Michael Beutler’s expansive sculptures are usually created directly on site in relation to the given architectonic arrangements. In an experimental process that concentrates more on the logical sequence of mutually conditional decisions than on preconceived planning, Beutler develops structures and forms from conventional building materials—such as wood, plaster or glass—that question standardization. His methods range from do-it-yourself strategies, the compilation of (playful) rules for action, to the fabrication of machines that contribute to deformations. His work recurrently centers around an interest in conceptualizing the properties of various fabrication processes and material structures so that a content-based understanding of the materials and interventions takes precedence over a material-functional understanding.
In his project for the Secession, Michael Beutler starts from the placement of the Grafisches Kabinett within the Secession and the characteristics of this space. The elements that are central to this are the way to the Grafisches Kabinett—the narrow stairs leading up to it—and its architectonic format: an almost square, very low room with an elongated, narrow window that has no thematic correspondence.
Michael Beutler relates these observations in combination with the otherwise very delicate and transparent ceiling construction of the Secession to the tradition of the glass pavilion in the second half of the 19th century, which was intended to create transparent interior landscapes on the one hand, but also standardized exhibition architectures on the other.
Michael Beutler’s interest is concentrated primarily on one of the high points of this kind of construction: the Kibble Palace (Crystal Palace) in the Botanical Garden in Glasgow. It was constructed in 1872 by the engineer and architect John Kibble, and Michael Beutler visited it several times during his stay in Glasgow. The Kibble Palace has not only gone down in history as a masterpiece of glass and iron construction, but also still stands for a radicalization of standardization in industrial building production today.
“At once … the status of bourgeoisie forces of productivity is demonstrated as a whole: the domination of nature and appropriation through the application of industrial procedures based on the methods of natural science.”
These considerations were among the impulses that led Michael Beutler to explore the methods of glass construction, resulting in the decision to make a glass, dome-shaped structure on site in the Grafisches Kabinett. As in earlier works, the experimental construction process follows his interest in questioning processes of standardization, e.g. in glass and glass house production, as well as integrating new forms and methodological coincidences. Consequently, a pleasure in ornamentation is always also present in the sculptural spatial intervention at the same time.
The glass sculpture is conceived as a work that encompasses the space, so that visitors are not confronted with a model-like perspective, but rather find themselves part of the spatial arrangement. The experience of different ways of building recalls historical attempts of alternative and utopian architecture and thus of forms of living, which the details turn into thematic components.
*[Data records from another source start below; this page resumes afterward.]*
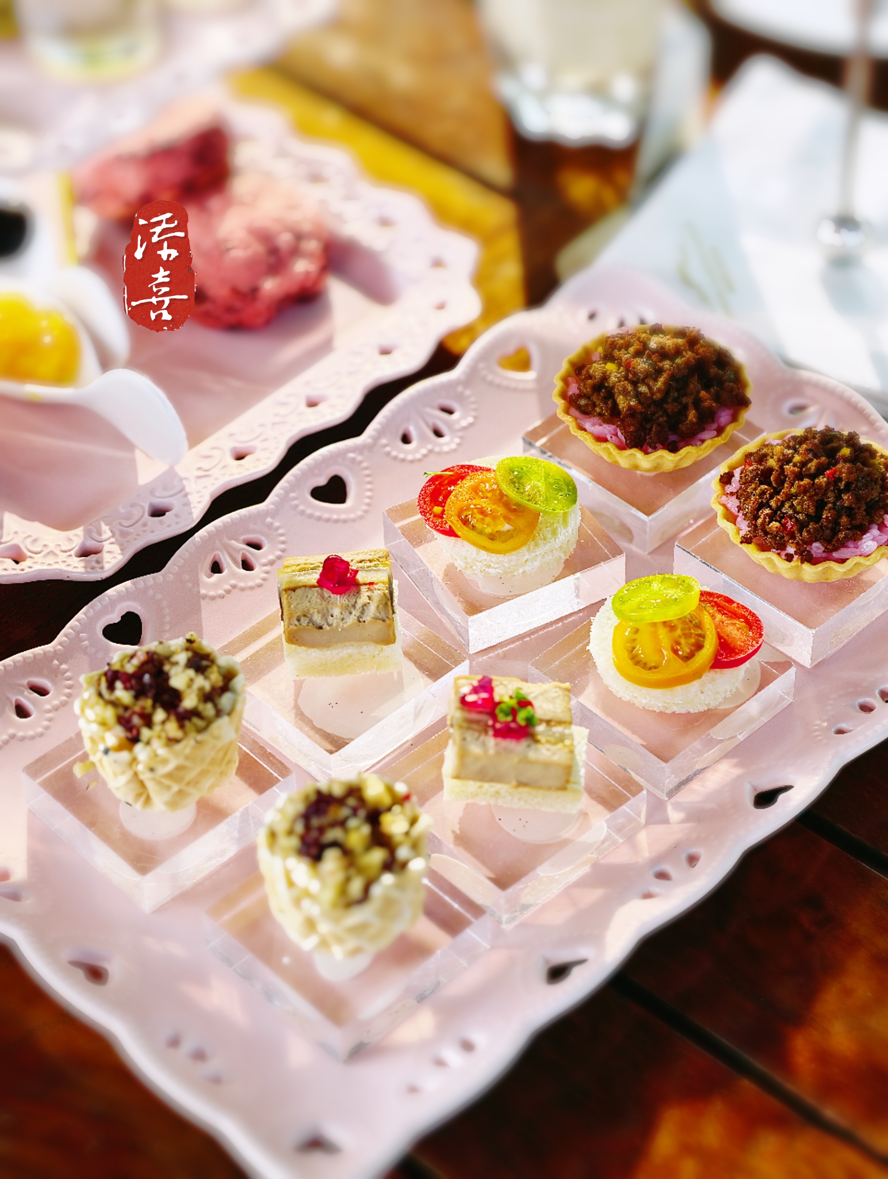 春樱为信,爱你如初🌸杭州湘湖边の张凌赫《爱你》一周年下午茶💗 追剧的时候就在想,要是能把剧里的心动吃进肚子里就好了🍰 没想到,湘湖逍遥庄园真的和爱奇艺联名了这席《爱你》樱花下午茶,正好赶上一周年,像是春天替我们记住的一场约定✨ 📍杭州湘湖逍遥庄园·逸吧(L层) 🕒13:30-17:00 特意选了户外的位置,把自己安顿在这片山水村落式的园林里🌿庄园由GOA大象设计操刀,依托彼岸大山、蜿蜒溪流,庭院深深,移步异景。坐在檐下,眼前是小桥流水与层层绿植,原木与自然相映,中式古典的静谧感扑面而来——连落客区的庑殿顶都透着宫殿式的庄重,而天井里又藏着徽派“有堂皆井”的巧思🏯 整套下午茶从咸点到甜品,都透着江南春日的细腻🌸 咸点里鹅肝夹心鳗鱼慕斯温润绵密,樱花牛肉塔带着淡淡的烟熏香气,番茄冷汤桂花啫喱芝士卷入口清冽,是很有巧思的开场✨ 甜品更是写满了春天的名字—— 樱花雪乳轻盈得像一朵云☁️樱花蔓越莓司康松软温热,黑森林松露浓郁不腻,芒果香草奶冻滑进嘴里就是温柔本身🍮燕窝水果捞收尾,时令果盘里还藏着白草莓、蓝莓和树莓,是春日限定的甜🍓 饮品有咖啡☕茶🍵起泡酒🥂也可以选《爱你》同款奶茶🥤要一杯《爱你》同款奶茶,捧着它的时候,好像又回到了追剧时心动的那个下午🍃 春樱作宴,爱你如初💕 在山水庭院里,把剧里的浪漫,过成生活里的一下午🌙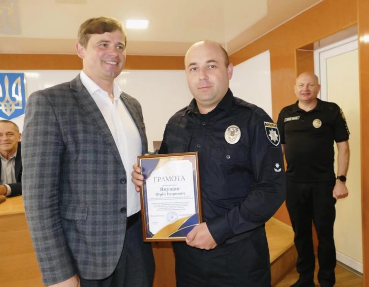 “Із великою приємністю вручив нагороди начальнику сектору взаємодії з громадами відділу превенції Калуського РВП ГУНП, майору поліції Юрію Яцущаку та поліцейським офіцерам громади сектору взаємодії з громадами відділу превенції Калуського РВП ГУНП, старшим лейтенантам поліції Миколі Зятюку та Михайлові Площинцю”,- Андрій Найда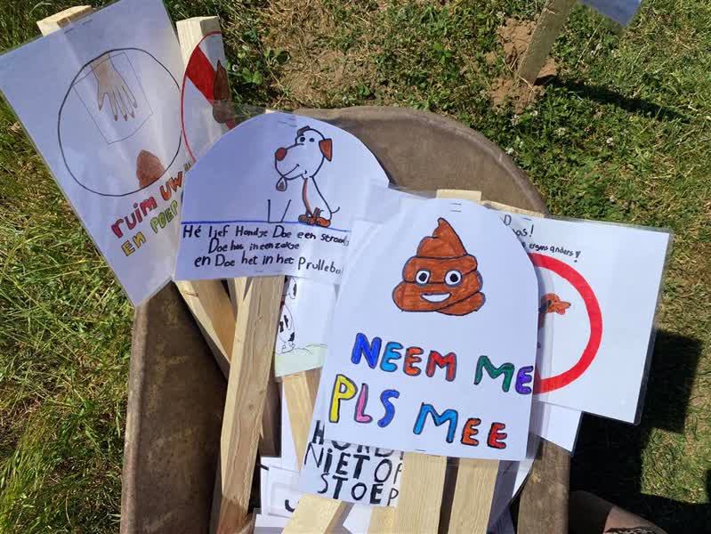 Ondanks de enorme overlast, worden er geen extra prullenbakken of dispensers geplaatst. "Wij zijn ook met de gemeente in contact gekomen om wat meer prullenbakken of dispensers te plaatsen", laat Carmen Molenaar van Gewoon Groen weten. "Maar de gemeente vond dat eigenlijk niet nodig, dus dan ga je naar andere middelen zoeken. Hoe leuk is het dan om de school hier in de buurt daar zo actief bij te betrekken." De kinderen en de buurtbewoners hopen dat de bordjes ervoor zorgen dat de hondeneigenaren de hondenpoep nu wel gaan opruimen.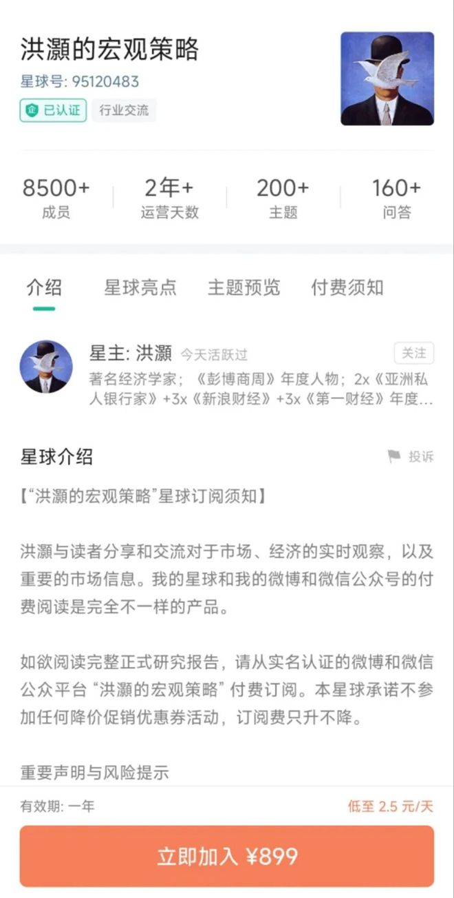 记者丨易妍君,见习记者刘夏菲 编辑丨巫燕玲 10天吸金超760万,昔日的券商首席也吃上了"流量红利"。 "应广大读者的需求,我的星球正式上线。"10月25日,知名经济学家洪灏在个人微信公众号上宣布开启 知识付费新尝试。 截至11月3日发稿,在短短10天时间里,洪灏的个人知识星球成员数突破8500人,以899元/年的订阅价 计算,毛收入预计已超764万元。这一数字已远超不少券商首席分析师的年薪。 对于星球内容,洪灏介绍,"星球是付费研究报告的增值服务,主要以短平快的节奏,实时分享我对于 市场的观察和机会,以及其它与投资相关的重要信息。" 图:洪灏的个人知识星球页面 公众号付费内容4个月赚超160万 事实上,洪灏在知识付费领域早有探索。早在2024年6月,洪灏就在其个人公众号中发布了付费阅读文 章。 截至目前,洪灏个人公众号最新的一篇付费文章更新于11月3日上午,单篇解锁价格为1999微信豆(合 199.9元)。此外,洪灏还在公众号中定期更新付费合集。 21世纪经济报道记者了解到,其公众号付费合集每集收录约20~25篇研报,每个合集定价为10000个微 信豆(合1000元),每集更新周期约2~3个月。其最新的一个 ...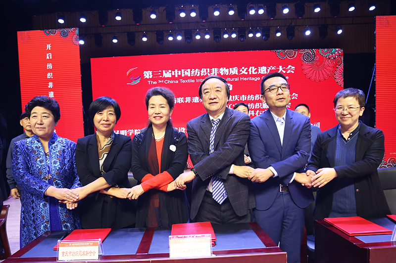 会议期间,中纺联非遗办与重庆市纺织服装联合会、辽宁省纺织服装协会、内蒙古科右中旗进行战略合作签约,昆明学院与首创置业首新事业部昆明公司进行战略合作签约。纺织非遗相关行业和文创企业的跨界融合,共同促进纺织非遗的多领域开发和多元化发展。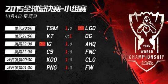 本周,《英雄联盟》2015赛季全球总决赛小组赛首轮比赛全部结束,回顾这周中国战队的表现不禁令人失望。在最后一日(4日)的比赛中,LGD再负一场出线机会渺茫,IG力战AHQ取胜拉回士气。在其他比赛中,KT不敌OG,C9战胜Fnatic,CLG负于KOOTigers,PNG则战胜FW。从目前的形势来看,OG只要再赢一场,就确定可以小组出线,KT也有较大机会,而LGD的出线则只存在理论上的可能。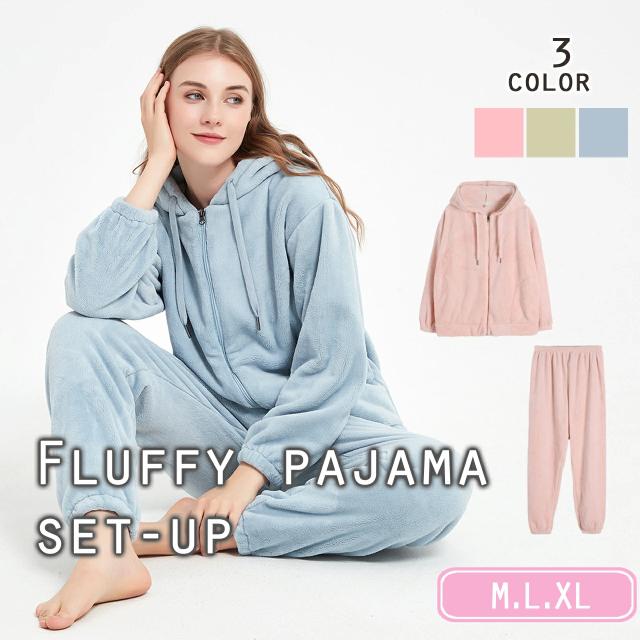 もこもこ パジャマ レディース 長袖 ルームウェア 上下セット 無地 フード付き 秋冬 部屋着 防寒 可愛い 着心地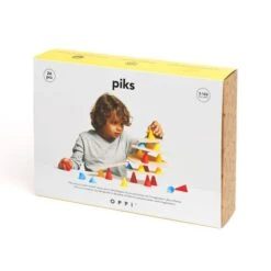 Piks est un jeu de construction et d’équilibre. Le joueur est muni de planchettes en bois massif et de cônes en silicone de différentes tailles. Il est invité à créer une structure originale, à partir d’une carte ou de sa simple imagination. Les possibilités sont infinies !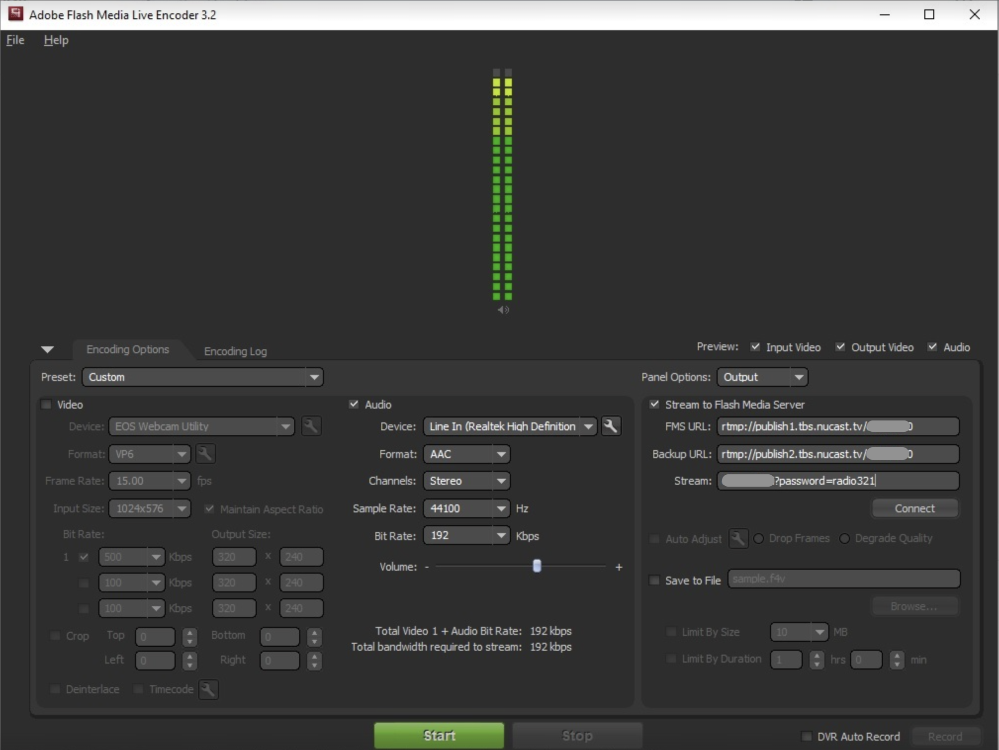 Here you can find configuration screen for one of the most popular streaming software, Flash Media Live Encoder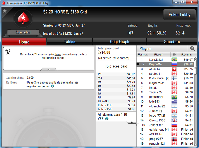 Сейчас было бы хорошо выложить пару красивых скринов с заносами, но как уже писал выше, я почти перестал играть холдем, и а в лимитках заносы не такие большие, но зато стабильные. Выложу парочку из свежих, что нашёл, есть и более значимые доезды за прошлый год, но лень искать.
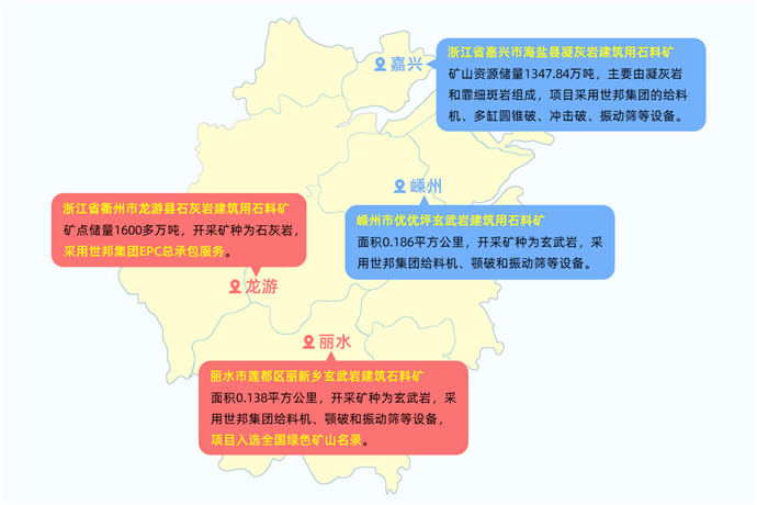 海新礦業(yè)采用世邦的給料機、多缸圓錐破、沖擊破、篩分等設備,項目投產(chǎn)后將為浙北地區(qū)交通、建筑等工程提供優(yōu)質(zhì)的砂石材料保障。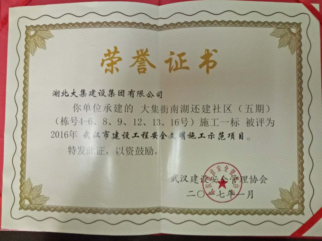 南湖五期項(xiàng)目繼4號(hào)樓、5號(hào)樓、6號(hào)樓,8號(hào)樓,9號(hào)樓、13號(hào)樓被上級(jí)監(jiān)管部門評(píng)定為“結(jié)構(gòu)優(yōu)質(zhì)“后,3月份項(xiàng)目部又獲得“湖北省優(yōu)秀建筑工地農(nóng)民工業(yè)余學(xué)?!睒s譽(yù)稱號(hào),4月12日,南湖五期4號(hào)樓、5號(hào)樓、8號(hào)樓、9號(hào)樓、12號(hào)樓、13號(hào)樓、16號(hào)樓再次被武漢建設(shè)安全管理協(xié)會(huì)評(píng)為"武漢市建筑工程安全文明施工示范項(xiàng)目",為湖北大集建設(shè)集團(tuán)再贏回一座黃鶴杯!
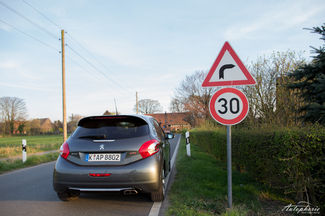 Achtung, Kurve, Tempo 30. Was hier als „gefährlich“ eingestuft wird, dass würden Rallye-Fahrer locker im vierten Gang unter Volllast nehmen. Selbst eine seichte Kurve gilt hier schon als brenzlig, warum kann ich nicht erklären. Und mitten drin stehe ich nun, mit diesem Franzosen, der weitaus mehr kann, als sein graues Äußeres vermuten lässt. Erster Gang einlegen, die Drehzahl auf 3 000 Touren erhöhen, perfekt dosiert die Kupplung kommen lassen und ab spurtet er mit leichtem Traktionsverlust an der Vorderachse. Stadtgeschwindigkeit, 6 000 Touren die maximale Power von 200 PS liegt an, zweiter Gang, der Turbo macht direkt Druck und *pling* schon ist die 100 km/h Marke erreicht. 6,8 Sekunden sind eben dahingeflogen, einzig und alleine unterbrochen von einem Gangwechsel. Dritter…nein, es bremst schon wieder das nächste Schild. Tempo 70. Warum nur?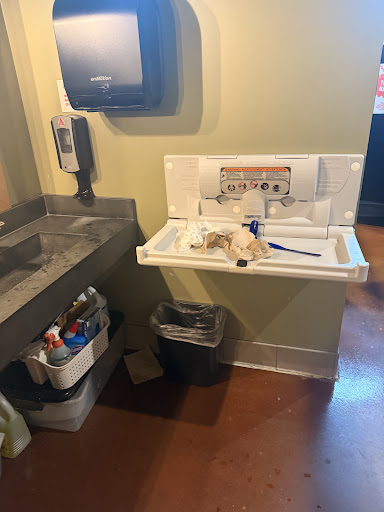 During our meal, I went to change my baby in the women’s restroom and found the only changing table in unacceptable condition: it was covered in used wipes, a used diaper, paper towels, and was next to a bucket of cleaning chemicals. Given the state of the facility, I made the decision to change my baby discretely on the ground, on a sanitary pad, near our patio table and behind our stroller.

In recent years, Michael Beutler’s works have been included in, among others, the exhibition New Heimat at the Kunstverein Frankfurt, where he built a “zig-zag bridge” made of European standardized pallets. It was modeled on Chinese bridges between the mainland and temple islands, which were supposed to prevent evil spirits from entering the sacred places. In September this year, he developed a project for the offspace kjubh in Cologne in collaboration with Henning Bohl. Under the title Florenz, he deconstructed a conventional party tent by “bending” the four round, metal side poles into an ornamental surface, so that the statics of the tent changed, leading to further interventions, all the way to cutting the roof into a plane like a canopy of leaves.